The influence of organic matter in reducing the destabilization of soil by simulated tillage

Abstract

Different agricultural practices can result in a decline in soil organic carbon (SOC) and a consequent reduction in soil structural stability. Experiments were conducted on soils with a range of SOC values, to quantify the destabilizing effects of increased tillage intensity. Different tillage intensity was simulated with the use of a falling weight, where specific energy levels, similar to those experienced during tillage, were reproduced. The level of destabilization was assessed by the quantity of mechanically dispersed clay (using a turbidimetric technique) and the quantity of water-stable aggregates (WSA) > 0.25 mm remaining after being shaken in water.
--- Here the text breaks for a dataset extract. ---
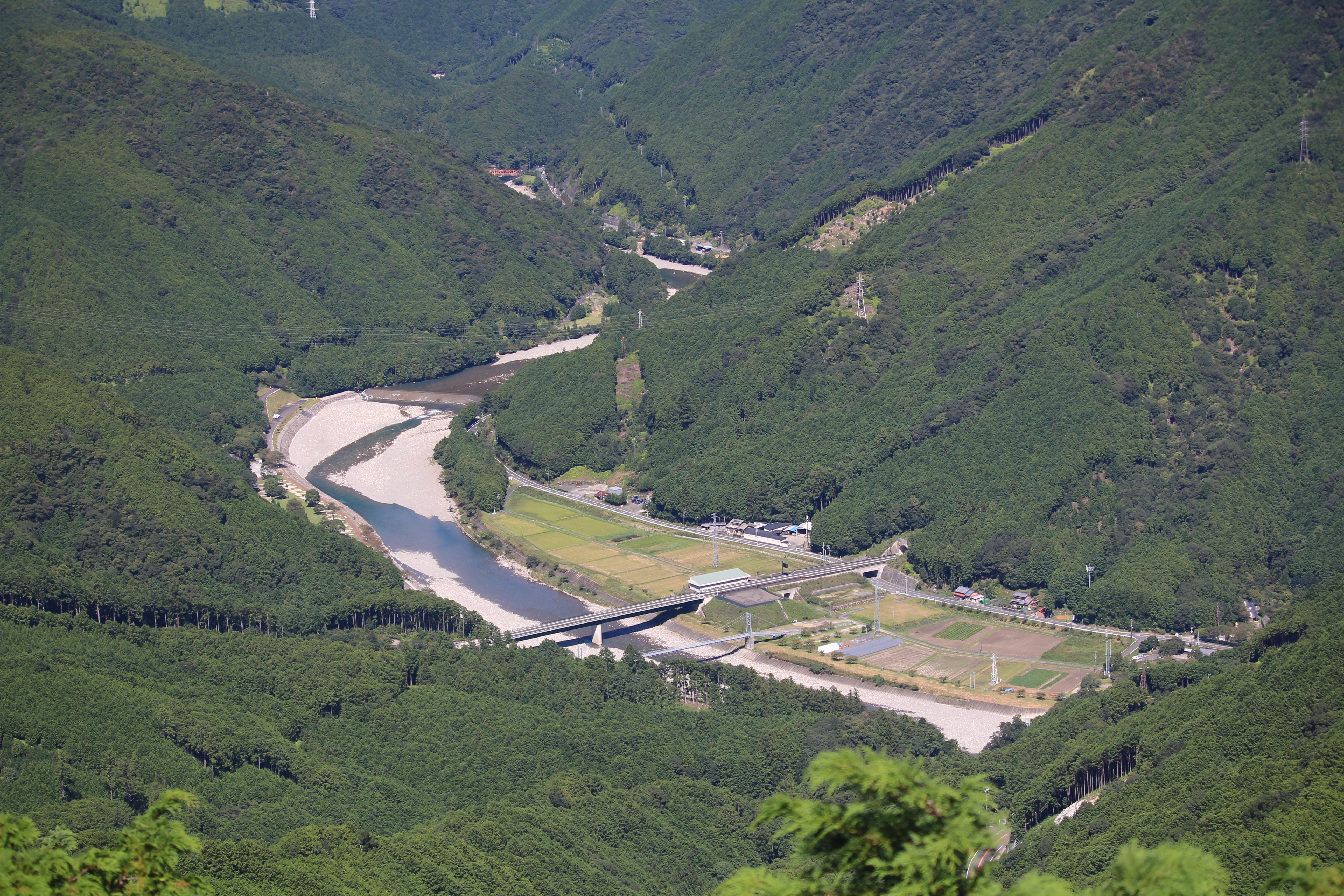 Choshi River seen from Mount Tengura in Kihoku, Mie prefecture, Japan.
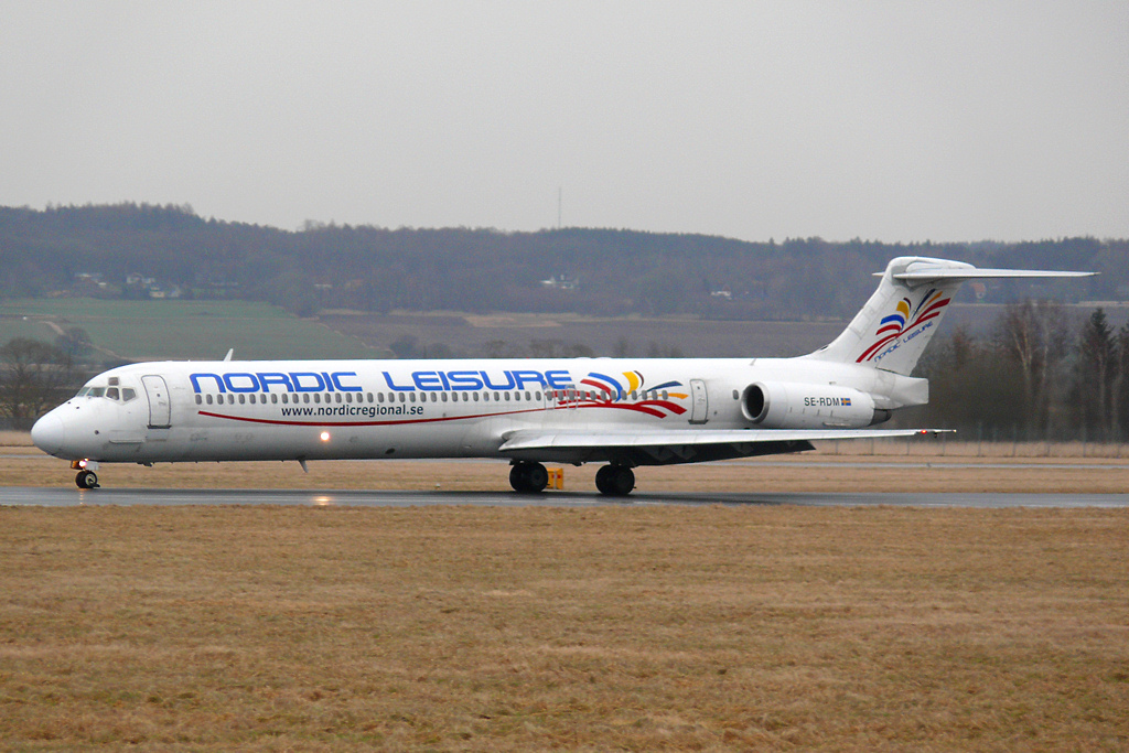 SE-RDM of the Swedish Airline Nordic Airways.

The quantity of clay dispersed increased with increasing water content, in the absence of any mechanical pretreatment, the rate of increase rising sharply with declining SOC. Following simulated tillage, and at water contents above the plastic limit, clay dispersion increased in proportion to the energy of disruption, and also increased with decreasing SOC levels. Below the plastic limit all the soils were relatively insensitive to mechanical disruption. A simple empirical model was derived to link clay dispersion to SOC, water content and energy of disruption.
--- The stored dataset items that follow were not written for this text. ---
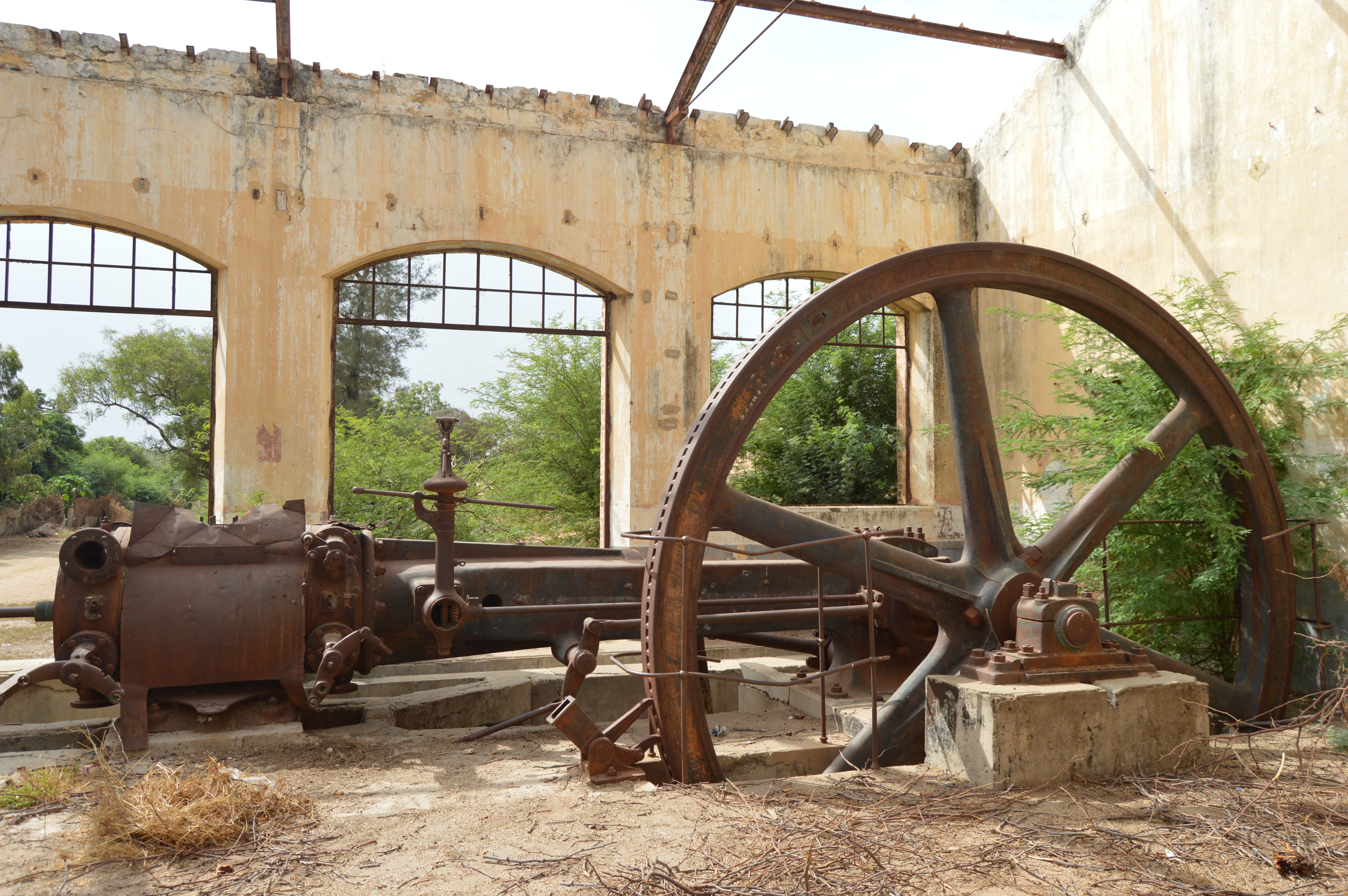 Ancient Mbakhana Water Factory, nearby Saint-Louis, Senegal; oldest sub-saharian african existing steam engines.
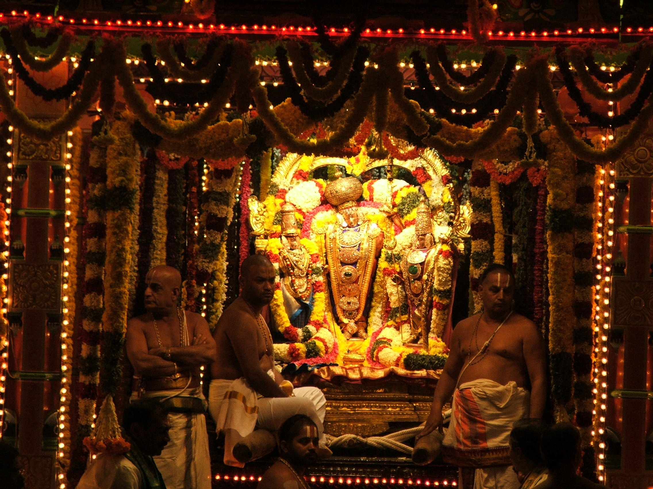 Description: Lord Rama along with his wife Sita and brother Lakshmana during the annual Teppotsavam festival
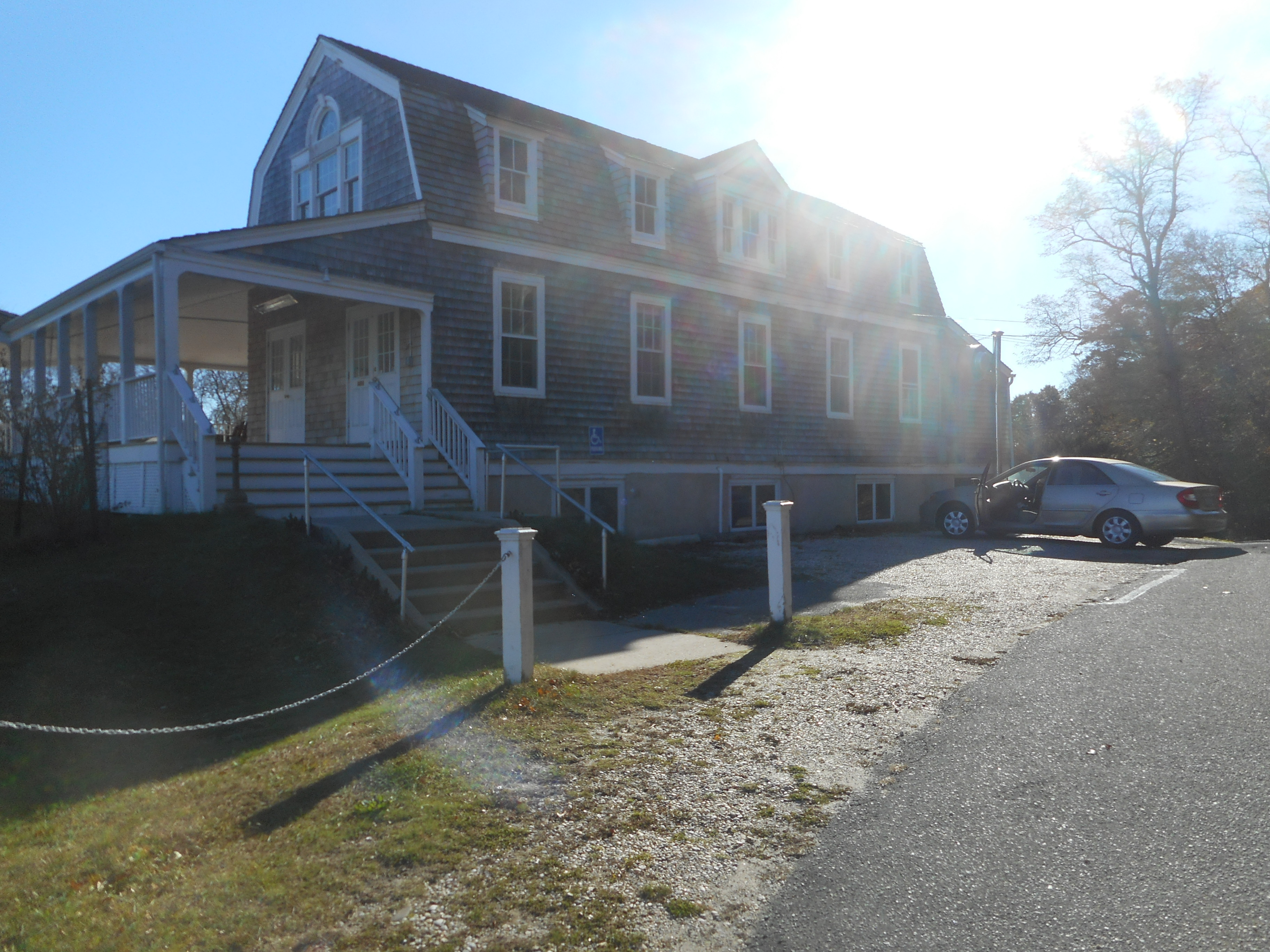 The Flying Goat Restaurant at the Shelter Island Golf Course and Country Club in Shelter Island Heights, New York. On the National Register of Historic Places.

The proportion of WSA declined sharply with decreasing SOC, and to a lesser extent following tillage. The quantity of WSA following simulated intensive tillage (300 J kg⁻¹) of grassland (SOC, 2.8–3.2 g (100 g)⁻¹) was greater than that present, prior to tillage from fallow, arable and arable/ley rotation treatments (SOC 1.1–2.5 g (100 g)⁻¹). Aggregate tensile strength was found to be relatively insensitive to differences in SOC. However, variations of strength within treatments, an indicator of soil friability, increased in proportion with SOC. A turbidity index was derived in which the turbidity of natural and remoulded aggregates was compared. Variation of this index with increasing mechanical energy is used as an indicator of the sensitivity of soils to damage during tillage. A visual representation is constructed to link the sensitivity of soils to damage during tillage with both SOC and water potential. These experiments illustrate that management practices, which lead to a long term reduction in SOC, are responsible for an increase in aggregate strength and reduction in stability plus an increase in sensitivity of soils to structural decline following subsequent tillage.